The breast signer disappeared from view. Lillian leaned her arms on the windowsill and rested her chin on her hands in a pose Eleanor would have called undignified and casual. The sound of voices got louder. Someone turned on music. She was vaguely aware of cameras moving past her, probably identifying her as the standoffish one.
“Aw shit, of course you remember,” Kia said. “When I asked you how your night was, you said, Nice. Usually they’re just acceptable.”
“I’ve never said that.” Had she?
“Girl,” Kia strung the word out. “You told me you danced with her.”
“I’m a dancer.”
“Not like that. You liked her.”
“Maybe you’re right.”
“I’m right.” Kia bobbed her head back and forth, her Afro puffs bouncing. “I’m going to hit the bar. Try not to stress over here.” She headed off, but she was back in a second, no drink in hand, her expression so smug it verged on evil.
“What?” Lillian asked.
“You don’t even know. My dad is going to love this. Fate. Serendipity. Language of love. This is too good.”
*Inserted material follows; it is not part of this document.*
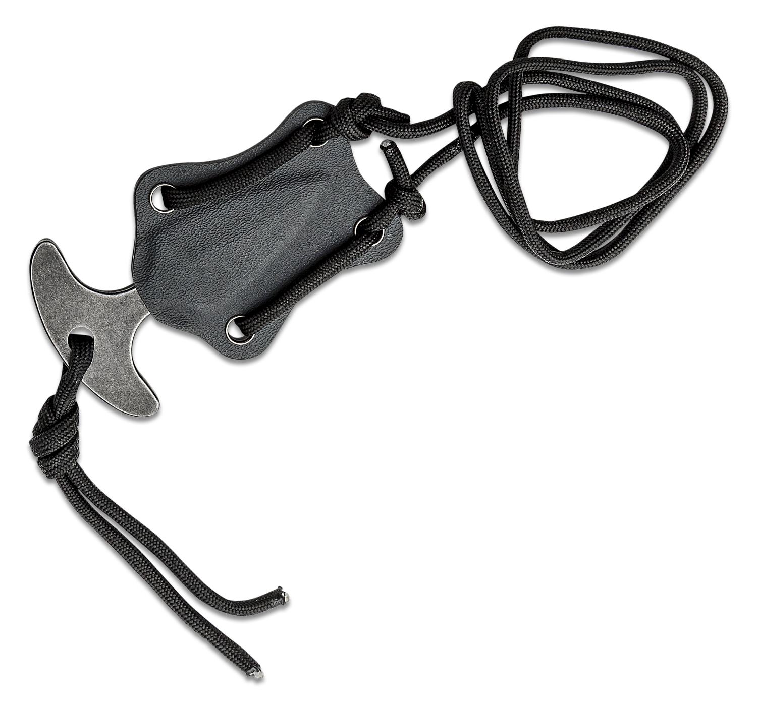 The Mini Push Dagger is one piece of solid 440C stainless steel with a black stonewashed finish for hiding scratches and incredible corrosion resistance. It's a very lightweight but incredibly strong design with deep finger recesses to protect your fingers during use. A friction fit Kydex sheath with included paracord for neck-carry allows this high-quality neck knife from Fred Perrin to easily make its way into your EDC rotation.

Whatever it was, it probably wasn’t good.
“I’m dying to know.” She wasn’t.
“Take a look.” Kia put her hands on Lillian’s shoulders, turning her to face the party behind her.
Lillian looked.
“What?”
“Guess who’s here.”
“Who?”
“Blue hair over there.”
“Yeah. You said she was one of the burlesque group.”
The performer’s back was turned toward them, but even from behind the woman exuded confidence. She wore a dark blue suit that matched her hair and glistened like an oil slick. Was she taking out a pen to sign another fan’s breasts? Where were the producers to stop that tackiness? Maybe the show would cast her as the over-the-top one. They’d probably demand a rivalry between stuffy ballet and… whatever that display was.
Kia looked from Lillian to the performer and back. Her face said, Gotcha.
“I get it,” Lillian said. “That’s who we’re up against. Thank you for reminding me.”
Then the performer turned in their direction, and Lillian’s life got so much more complicated.